• Supplied material:

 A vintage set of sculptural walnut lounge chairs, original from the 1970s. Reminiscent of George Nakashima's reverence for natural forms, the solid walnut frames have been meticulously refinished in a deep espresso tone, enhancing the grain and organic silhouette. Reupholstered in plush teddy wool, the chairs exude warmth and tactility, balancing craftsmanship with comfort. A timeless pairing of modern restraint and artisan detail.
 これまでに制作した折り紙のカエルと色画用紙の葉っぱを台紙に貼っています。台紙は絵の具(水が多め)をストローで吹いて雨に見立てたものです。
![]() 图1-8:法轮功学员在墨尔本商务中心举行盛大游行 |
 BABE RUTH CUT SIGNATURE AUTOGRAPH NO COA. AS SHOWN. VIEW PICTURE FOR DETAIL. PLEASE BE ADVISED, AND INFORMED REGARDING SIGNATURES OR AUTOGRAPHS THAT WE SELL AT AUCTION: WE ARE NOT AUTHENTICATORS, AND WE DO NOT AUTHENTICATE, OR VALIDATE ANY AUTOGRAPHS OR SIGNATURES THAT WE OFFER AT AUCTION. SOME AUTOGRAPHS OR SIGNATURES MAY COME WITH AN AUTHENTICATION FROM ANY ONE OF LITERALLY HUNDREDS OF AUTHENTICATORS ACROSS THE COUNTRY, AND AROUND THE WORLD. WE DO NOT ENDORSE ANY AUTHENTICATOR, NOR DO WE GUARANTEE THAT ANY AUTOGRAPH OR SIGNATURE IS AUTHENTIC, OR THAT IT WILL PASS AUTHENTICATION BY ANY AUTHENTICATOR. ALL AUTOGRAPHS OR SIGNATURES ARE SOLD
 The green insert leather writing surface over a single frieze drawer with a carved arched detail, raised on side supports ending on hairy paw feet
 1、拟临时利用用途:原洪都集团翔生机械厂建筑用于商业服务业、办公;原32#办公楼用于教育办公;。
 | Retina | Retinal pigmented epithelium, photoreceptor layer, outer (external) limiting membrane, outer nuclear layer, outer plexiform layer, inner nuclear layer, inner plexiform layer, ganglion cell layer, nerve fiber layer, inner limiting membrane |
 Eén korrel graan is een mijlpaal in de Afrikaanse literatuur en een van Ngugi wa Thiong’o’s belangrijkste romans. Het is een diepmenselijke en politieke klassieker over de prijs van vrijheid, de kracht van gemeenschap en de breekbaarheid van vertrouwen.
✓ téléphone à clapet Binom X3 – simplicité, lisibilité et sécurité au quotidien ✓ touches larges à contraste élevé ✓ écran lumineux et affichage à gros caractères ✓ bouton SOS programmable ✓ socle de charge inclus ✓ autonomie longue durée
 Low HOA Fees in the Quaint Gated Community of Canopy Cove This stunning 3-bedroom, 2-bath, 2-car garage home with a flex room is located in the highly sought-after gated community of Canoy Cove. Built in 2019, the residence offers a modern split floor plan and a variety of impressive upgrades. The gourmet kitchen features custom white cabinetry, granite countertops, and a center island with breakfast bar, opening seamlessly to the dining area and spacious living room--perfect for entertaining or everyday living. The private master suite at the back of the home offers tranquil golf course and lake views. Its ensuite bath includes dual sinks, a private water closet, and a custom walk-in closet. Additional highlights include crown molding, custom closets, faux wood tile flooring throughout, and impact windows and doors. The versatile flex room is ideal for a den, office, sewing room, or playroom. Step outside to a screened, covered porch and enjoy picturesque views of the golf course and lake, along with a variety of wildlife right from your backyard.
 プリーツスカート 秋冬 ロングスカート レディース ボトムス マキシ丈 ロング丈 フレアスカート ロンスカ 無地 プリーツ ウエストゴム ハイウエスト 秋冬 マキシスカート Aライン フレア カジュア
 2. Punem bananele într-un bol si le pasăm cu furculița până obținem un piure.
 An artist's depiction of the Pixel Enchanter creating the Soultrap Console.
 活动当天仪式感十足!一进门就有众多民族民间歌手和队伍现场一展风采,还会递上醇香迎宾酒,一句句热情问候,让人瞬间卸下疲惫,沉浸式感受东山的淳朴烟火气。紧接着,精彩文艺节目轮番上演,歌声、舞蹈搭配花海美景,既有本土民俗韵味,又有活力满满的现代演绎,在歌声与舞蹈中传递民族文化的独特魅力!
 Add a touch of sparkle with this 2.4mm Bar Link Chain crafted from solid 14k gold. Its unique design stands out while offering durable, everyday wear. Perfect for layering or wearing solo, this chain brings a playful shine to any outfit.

• Exercise objective:
Number of lines containing the word "modern" in the material above: report this figure and nothing more.

• Result of the exercise:
2